“A quiet evening!” Toomey snorted. “That’s my idea of hell. I’ll tell you about me, Old Dear—I’m going to have one more whirl if I have to walk back to Prouty, and you might as well go with me.”
Since he was determined, Mrs. Toomey arrived at the same conclusion also, for not only did she too shudder at the thought of a quiet evening, but her presence was more or less of a restraint upon his extravagant impulses. She endeavored to soothe her uneasiness by telling herself that they could make up for it by some economy in traveling. And just one more good play—what, after all, did it really matter?
The theater was only four blocks from the hotel, but, as a matter of course, Toomey called a taxicab. These modern conveniences were an innovation that had come during his absence from “civilization” and his delight in them was not unlike the ecstasy of a child riding the flying horses. It availed Mrs. Toomey nothing to declare that she preferred exercise and they arrived at the theater in a taxi. At sight of the box office Toomey forgot his promise to buy inexpensive seats, but asked for the best obtainable.
Carefree and debonair, between acts Mr. Toomey strolled in the lobby smoking and looking so very much in his element that Mrs. Toomey temporarily forgot her disquietude in being proud of him. His dinner jacket was not the latest cut, but after giving it much consideration they had decided that it was not far enough off to be noticeable, and how very handsome and assured he looked as he sauntered with the confident air of a man who had only to entertain a whim to gratify it.
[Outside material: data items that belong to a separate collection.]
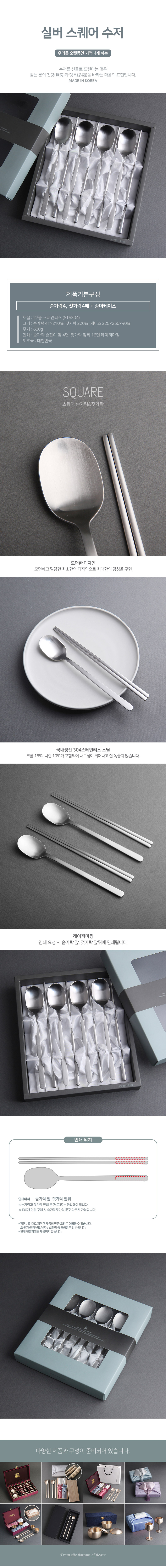 • 실버 스퀘어 수저 4P (수저인쇄무료) (+0원)
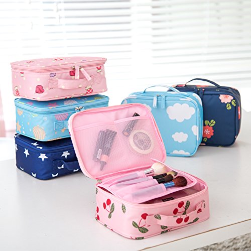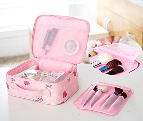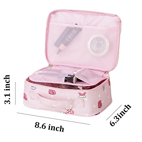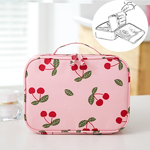 LANGUGU Waterproof 2 Layer Large Capacity Cosmetic Bag Portable Makeup Brush Organizer Kit Multifunctional Vacation Travel Home Toiletry Cute Printed Pouch for Little Young Girl (Cherry)
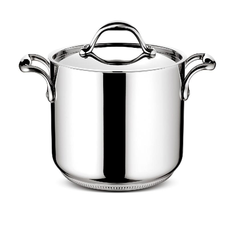 Marmite Accademia Lagofusion Lagostina 11116020526 en acier inoxydable 18/10 avec intérieur satiné moderne et polissage effet miroir raffiné à l'extérieur. Dotée de la Technologie de fond 5-PLY : composée d'une cuve 3-PLY (inox/alu/inox) et d'un épais fond Lagofusion (alu/inox), cette technologie est la plus performante pour des résultats de cuisson homogène et sans points de surchauffe.
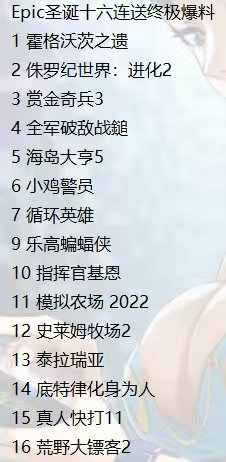 目前泄露的Epic圣诞15连送名单:数字为送出日期
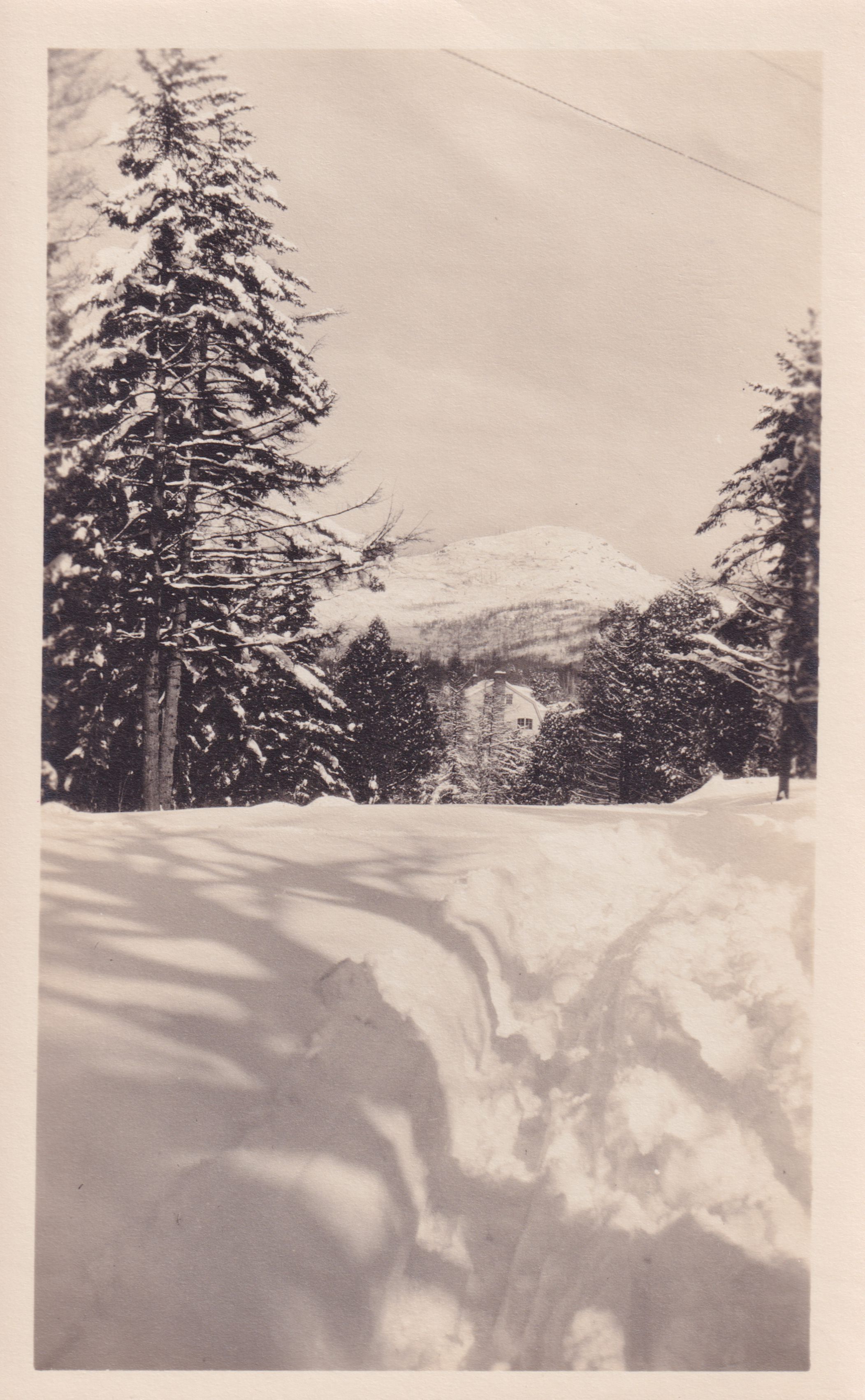 Photograph of an unidentified landscape in the snow. Snowshoe or foot tracks can be seen leading back toward an unidentified building.

Such is the psychology of clothes and the effect of environment upon some temperaments that that was the way Mr. Toomey felt about it. Prouty and importunate creditors did not exist for him. This condition of mental intoxication continued when the play was over and, fearful, Mrs. Toomey spoke hastily of going home immediately.
“I’m hungry,” he asserted. “We’ll go somewhere first and eat something.”
“Let’s have sandwiches sent up to the room,” she pleaded.
“Why not a bow-wow from the night-lunch cart I noticed in the alley? I like the feeling of the mustard running between my fingers,” derisively.
“Oh, Jap, we oughtn’t to—we really ought not!”
But he might have been deaf, for all the attention he paid to her earnest protests as he turned into one of the brilliantly lighted restaurants which he had previously patronized and that he liked particularly. There was a glitter in his eyes which increased her uneasiness, and a recklessness in his manner that was not reassuring.